7.6        Voting Rights.   During the Period of Restriction, Participants holding Shares of Restricted Stock granted hereunder may exercise full voting rights with respect to those Shares, unless otherwise provided in the Award Agreement.

7.7        Dividends and Other Distributions.   During the Period of Restriction, Participants holding Shares of Restricted Stock shall be entitled to receive all dividends and other distributions paid with respect to such Shares unless otherwise provided in the Award Agreement. If any such dividends or distributions are paid in Shares, the Shares shall be subject to the same restrictions on transferability and forfeitability as the Shares of Restricted Stock with respect to which they were paid.

7.8        Return of Restricted Stock to Company.   On the date set forth in the Award Agreement, the Restricted Stock for which restrictions have not lapsed shall revert to the Company and again shall become available for grant under the Plan.

SECTION 8
PERFORMANCE UNITS AND PERFORMANCE SHARES

8.1        Grant of Performance Units and Shares.   Performance Units and Performance Shares may be granted to Employees and Consultants at any time and from time to time, as shall be determined by the Committee, in its sole discretion. The Committee shall have complete discretion in determining the number of Performance Units and Performance Shares granted to any Participant, provided that during any Fiscal Year, no more than 400,000 Performance Shares or Performance Units may be granted to any Participant.

8.2        Initial Value.   Each Performance Unit shall have an initial value that is established by the Committee on or before the Grant Date, provided that such value shall not exceed the Fair Market Value of a Share on the Grant Date. Each Performance Share shall have an initial value equal to the Fair Market Value of a Share on the Grant Date.
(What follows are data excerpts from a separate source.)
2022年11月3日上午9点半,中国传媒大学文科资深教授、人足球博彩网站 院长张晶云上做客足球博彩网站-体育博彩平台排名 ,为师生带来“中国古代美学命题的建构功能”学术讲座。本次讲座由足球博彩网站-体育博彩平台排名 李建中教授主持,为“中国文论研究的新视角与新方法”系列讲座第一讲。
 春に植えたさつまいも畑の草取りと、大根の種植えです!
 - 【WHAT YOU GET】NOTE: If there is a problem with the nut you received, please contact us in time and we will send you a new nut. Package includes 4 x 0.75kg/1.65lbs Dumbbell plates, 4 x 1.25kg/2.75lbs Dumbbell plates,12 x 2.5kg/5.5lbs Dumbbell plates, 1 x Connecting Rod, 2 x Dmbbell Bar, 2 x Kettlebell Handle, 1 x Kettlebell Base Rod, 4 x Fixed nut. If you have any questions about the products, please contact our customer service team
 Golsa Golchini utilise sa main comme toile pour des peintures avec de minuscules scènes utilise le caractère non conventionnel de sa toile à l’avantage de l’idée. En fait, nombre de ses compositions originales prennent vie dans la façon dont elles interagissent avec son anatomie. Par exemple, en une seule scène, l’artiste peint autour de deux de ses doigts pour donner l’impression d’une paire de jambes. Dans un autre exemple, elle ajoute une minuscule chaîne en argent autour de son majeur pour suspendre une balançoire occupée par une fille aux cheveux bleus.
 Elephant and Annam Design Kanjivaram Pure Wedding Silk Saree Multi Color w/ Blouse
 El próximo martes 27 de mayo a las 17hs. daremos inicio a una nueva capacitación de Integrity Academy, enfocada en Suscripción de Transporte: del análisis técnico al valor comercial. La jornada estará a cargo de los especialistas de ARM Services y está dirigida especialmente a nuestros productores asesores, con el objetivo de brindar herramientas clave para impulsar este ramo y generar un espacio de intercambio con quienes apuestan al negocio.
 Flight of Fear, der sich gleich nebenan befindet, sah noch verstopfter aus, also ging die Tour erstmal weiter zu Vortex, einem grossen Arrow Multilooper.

8.3        Performance Objectives and Other Terms.   The Committee shall set performance objectives in its discretion, which, depending on the extent to which they are met, will determine the number or value of Performance Units or Shares that will be paid out to the Participants. The Committee may set performance objectives based upon the achievement of Company-wide, business unit, or individual goals, or any other basis determined by the Committee in its discretion. The time period during which the performance objectives must be met shall be called the “Performance Period.” Each Award of Performance Units or Shares shall be evidenced by an Award Agreement that shall specify the Performance Period, and such other terms and conditions as the Committee, in its sole discretion, shall determine.

8.3.1    General Performance Objectives.   The Committee may set performance objectives based upon the achievement of Company-wide, business unit or individual goals, or any other basis determined by the Committee in its discretion.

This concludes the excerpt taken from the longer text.